Folha de S. Paulo


Novos Sennas

Senna morreu. Senna virou herói, santo, referência máxima. Senna foi transformado em fantasma.

Sombra difícil de se lidar. Obstáculo até hoje intransponível para jovens pilotos nascidos neste país.

O primeiro a sofrer foi justamente o jovem que com ele dividia pistas mundo afora. As comparações foram fatais para o comportamento de Barrichello dentro e fora do carro, principalmente porque ele acreditou nelas por um bom tempo –erro que mais tarde admitiu e que pelo menos tentou corrigir.

"É o novo Senna?" foi manchete da "Autosprint" em 2001, ano em que Massa dominou e venceu a F-3000 europeia, uma categoria de segunda linha.

Atributos eram destacados na capa tentando estabelecer um elo entre ele e o tricampeão: "Paulista. 22 anos. Vencedor". Como se isso bastasse...

Até por estar escolado pelo caso do antecessor, Massa jamais vestiu a carapuça. Mas não adiantou muito: sem pedir, carregou peso enorme nos ombros, que só aumentou com o quase-título de 2008 e a mola de 2009.

Tenta um merecido recomeço na Williams, tem chances reais de emplacar uma vitória ou outra, mas sua carreira já está mais para o crepúsculo do que para a alvorada.

Na última terça, o "Blick", jornal suíço com tradição na cobertura da F-1, estampou na capa do caderno de esporte: "Felipe Nasr, 22 anos, piloto da Sauber: o novo Senna".

Vale a pena reproduzir parte da reportagem: "Dez pontos na corrida de estreia na F-1 é algo sensacional.
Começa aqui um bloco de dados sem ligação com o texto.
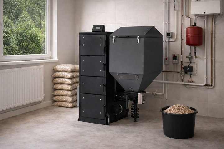 Пеллеты — это спрессованные опилки в виде маленьких цилиндриков. Котёл сам засыпает их из бункера шнеком, как кофемашина зерно. Забил бункер раз в неделю — и забыл. Управление через приложение, КПД под 95%, а в доме чисто: никакой золы на полу.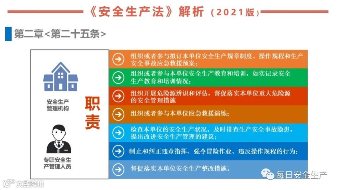 第二十五条 生产经营单位的安全生产管理机构以及安全生产管理人员履行下列职责: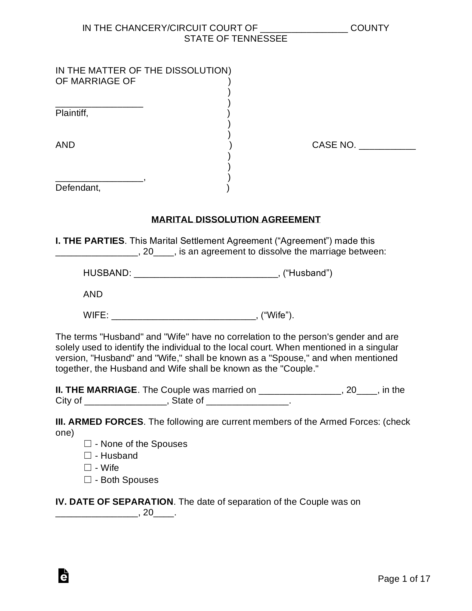 Tennesse Marital Settlement Agreement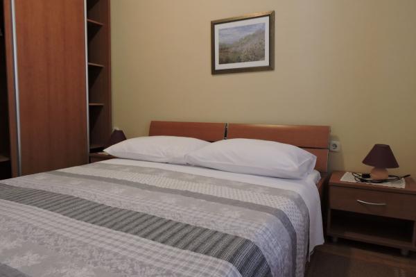 Les appartements Ivanov sont situés rue Ivana Palčića à Novalja, à 850 m du centre-ville et à 950 m de la plage la plus proche. Des commerces se trouvent à 700 m, un restaurant à 250 m, la poste à 950 m et une banque à 900 m. L'arrêt de bus est à 300 m. Les appartements offrent une vue sur l'Oliveraie. Modernes et entièrement équipés, ils comprennent la télévision par satellite, la climatisation et une connexion Wi-Fi. Un parking gratuit est disponible devant l'établissement. De nombreux clients ont attribué la note de 9,4 à leur séjour aux appartements Ivanov. Un médecin et une pharmacie se trouvent à 300 m des appartements Ivanov. Les trois studios comprennent : un couloir avec une armoire, une salle de bains avec douche et lavabo, du savon, du shampoing et un sèche-cheveux. La chambre est équipée d'un lit double. Le séjour dispose d'une cuisine équipée, d'une télévision et de la climatisation. Le balcon est meublé d'un salon de jardin, d'une table et de chaises. L'appartement deux chambres comprend deux chambres, deux balcons, une salle de bains, un couloir et un séjour avec cuisine.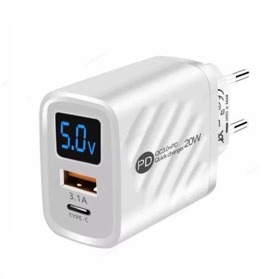 Зарядний пристрій Toocki 20W на 2 порти 1-USB 1-PD з екраном White (SH0000314)

O Brasil já celebra seu novo campeão mundial. Entre 1972 e 1991, o país acumulou aos pés do Pão de Açúcar oito títulos mundiais, com Fittipaldi, Piquet e Senna. Depois disso, torceu em vão por Barrichello e Massa".

Calma. Tem mais: "O 'novo Senna', como já é chamado em seu país, passou com sucesso por todas as categorias de acesso, mas manteve a modéstia. Ele tem um lema: aceleração máxima é seu café da manhã".

Assim funciona a imprensa, tantas vezes. Por mais que tenha cruzado com gente empolgada aqui e acolá, não vi ninguém chamando-o de novo Senna. Você viu?

Mas daí um jornal suíço diz que sim. E pronto, vira "verdade". Assim começa mais um caso de comparação desmedida –é bom lembrar que a Sauber, equipe dele, é suíça.

Nasr emplacou um ótimo final de semana de estreia, é verdade. Mostrou maturidade, tranquilidade, talento. Fato. A história da F-1, porém, está repleta de pilotos que pontuaram na estreia e ficaram pelo caminho, como Buemi, Liuzzi e Bourdais, para citar casos recentes.

Seu sucesso vai depender de vários fatores, inclusive carro e sorte. Mas passa obrigatoriamente pela forma como vai lidar com este fantasma.

Desconfio, até, que este seja o ponto de inflexão. O elemento mais determinante.

Porque não tem jeito. O fantasma sempre aparece.